Коми-пермяки могут от чистого сердца креститься в церкви и при этом почитать верховного бога Ена и верить в существование родной пермяцкой нежити.
На дворе XXI век, а молодожёнам по-прежнему дарят семейную реликвию – стол, сделанный из старинной иконы громадных размеров.
Библиотекарша в норковой шапке признаётся, что от бабушки ей передался талант знахарки: детей и внуков к врачам не водит. Настаивает, что знахарка и колдунья – далеко не одно и то же. В чём разница? Да в мелких предметах обихода. В травах.
– А колдовские наговоры?
– Может, кто-то этим и занимается, кто в это верит. Есть даже слова особенные. Если скотину держишь, без этого не обойтись. В рождественские дни наговоры очень помогают, чтоб и урожай был, и приплод обильный.
Дочки и внучки травниц становятся фельдшерицами, совмещая учёность со знахарством. С удовольствием толкуют про целебные секреты здешней флоры. Вытащив картонную коробку изпод импортной микроволновки, перекладывают пучки сушёных трав, гремят связками кореньев:
– Вот сабельник – от суставов; мать-и-мачеха – отхаркивающее; чёрная трава, не знаю, как она по-научному, но бабушка говорила: от нервных припадков. В ведро её клали, поджигали, накрывались чем-нибудь и дышали дымом. Синюха заменяет но-шпу. – И, понизив голос, знахарка добавляет как бы между прочим: – Есть много способов вылечиться и без трав. Другими способами, может, и лучше.

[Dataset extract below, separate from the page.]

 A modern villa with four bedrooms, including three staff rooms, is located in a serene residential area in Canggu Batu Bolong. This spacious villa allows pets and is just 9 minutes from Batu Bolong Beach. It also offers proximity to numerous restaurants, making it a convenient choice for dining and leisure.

Но когда просишь поделиться наговорами, сразу собирает свои целебные пучки и – молчок.
О чёчкоме ни гу-гу
В далёкое село Пармайлово едут и едут по ухабам корреспонденты, иностранцы и художники. Недавно двое негров заявились. Весёлые: похватали местных баб и устроили танцы прямо на дороге. Геннадий Фёдорович Утробин впервые арапов живьём увидал. До того созданный им музей пермяцких чудов посещали только поляки, французы и прочие европейцы.
Дядя Гена седьмой десяток разменял, а деревянных идолов режет ещё смолоду. В совхозе работал трактористом, только вечером дома брался за инструмент и за тридцать лет настрогал целый бестиарий чудов: кузь кыв – «длинный язык», заставляющий сквернословить, уна юра диво – «многоголовое диво», сюра пеля – чудище с рогами и развесистыми ушами. Одних по рассказам стариков ваял, о других прочёл в фольклорных книгах, а вэр дядь однажды ему самому повстречался.

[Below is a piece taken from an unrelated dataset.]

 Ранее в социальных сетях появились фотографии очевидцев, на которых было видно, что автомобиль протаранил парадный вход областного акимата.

– Есть лешие, есть! – утверждает Утробин. – Только у них гипноз сильный, поэтому их толком и не увидишь…
Как-то члены Кудымкарского велоклуба решили встретить день зимнего солнцестояния на Курегкаре – Птичьем городище. Приехали, любуются ледяным звёздным небом. Тут одному и показался чёчком – порождение злого бога Куля. Ох и зря, наверное, этот велосипедист всем про чёчкома растрезвонил! Чёчком ведь не просто попугать показывается, а предупреждает о зловещем событии. Если не рассказывать никому, что встретил его, то можно обмануть судьбу, и напасть тебя минует. Впрочем, если встретишь не чёчкома, а чёчкоморта – беда неминуема.
Нечисть без зрачков
В древнем селе Большая Коча, которое вписцовой книге упоминается уже в 1579 году, до революции стояли две большие церкви, да ещё одна часовня, да ещё женский монастырь. Издревле село считалось оплотом язычества, вот и старались епархиальные власти.
Нельзя сказать, что пермяки в церковь стали только для виду ходить. Но в них и поныне православная вера уживается с суевериями предков, с пятого века живших на окрестных городищах Курегкар, Ошкар и Быльдэгмыс.
Нет уже в Большой Коче прежних богатых церквей. Герасимо-Питиримо-Иоанновская (названная в честь первых епископов-просветителей) оставила о себе память только храмовыми деревянными скульптурами, что хранятся теперь в Пермской художественной галерее. О снесённом большевиками монастыре напоминает лишь парк с вековыми соснами.
Но кочинцы хранят и более древние обряды, однако при служении своим чудам не забывают перекреститься и добавить «аминь». Сколь ни образован пермяк, а обычаи соблюдает. Идёшь в лес за грибами или ягодами, скажи вслух: «Не для продажи беру, а для прокормления семьи!» Пусть даже именно на продажу и собираешь, но главное – успокоить вэркуля, пермяцкого лесовика, хранителя тайги.